= Task brief =
Beginning with the line containing "動作テストは、IchigoJ" and ending with the line containing "① 주소창에 표시된 아이콘 Visit Japan Web 설치 클릭", write out each line of the records below exactly; pictures and lines outside that range are left out.

= Record set =
------

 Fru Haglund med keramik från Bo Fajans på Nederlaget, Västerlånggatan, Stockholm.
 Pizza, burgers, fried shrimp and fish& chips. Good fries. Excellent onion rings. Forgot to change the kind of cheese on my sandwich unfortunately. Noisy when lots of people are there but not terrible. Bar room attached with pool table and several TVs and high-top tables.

------

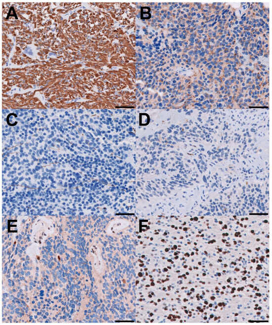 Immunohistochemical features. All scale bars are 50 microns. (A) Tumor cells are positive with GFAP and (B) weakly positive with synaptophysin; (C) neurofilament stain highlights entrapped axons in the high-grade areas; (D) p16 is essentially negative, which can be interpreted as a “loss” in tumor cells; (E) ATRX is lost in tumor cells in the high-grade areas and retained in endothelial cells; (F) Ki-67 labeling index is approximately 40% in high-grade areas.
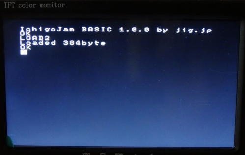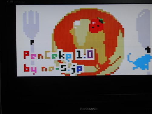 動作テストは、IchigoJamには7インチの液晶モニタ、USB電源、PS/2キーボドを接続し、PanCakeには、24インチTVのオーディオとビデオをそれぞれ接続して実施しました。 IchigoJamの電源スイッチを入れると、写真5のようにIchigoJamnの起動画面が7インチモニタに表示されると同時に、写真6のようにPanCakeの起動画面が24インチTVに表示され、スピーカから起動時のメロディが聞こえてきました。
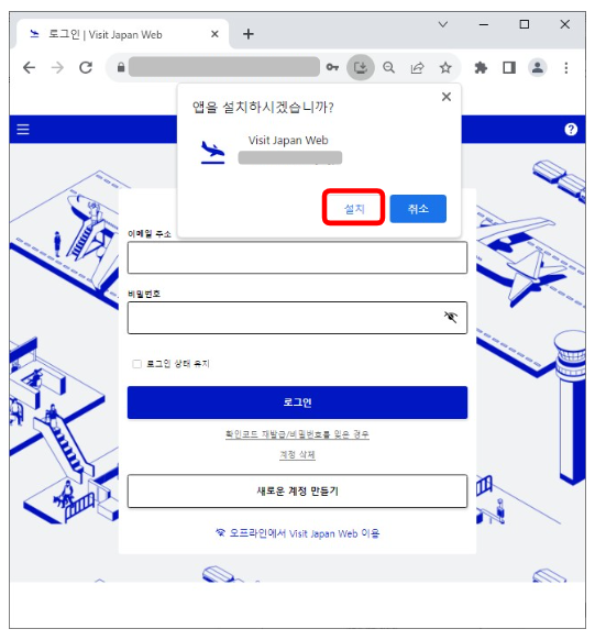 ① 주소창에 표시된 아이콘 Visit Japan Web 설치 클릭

------

= Output of the exercise =
 動作テストは、IchigoJamには7インチの液晶モニタ、USB電源、PS/2キーボドを接続し、PanCakeには、24インチTVのオーディオとビデオをそれぞれ接続して実施しました。 IchigoJamの電源スイッチを入れると、写真5のようにIchigoJamnの起動画面が7インチモニタに表示されると同時に、写真6のようにPanCakeの起動画面が24インチTVに表示され、スピーカから起動時のメロディが聞こえてきました。
 ① 주소창에 표시된 아이콘 Visit Japan Web 설치 클릭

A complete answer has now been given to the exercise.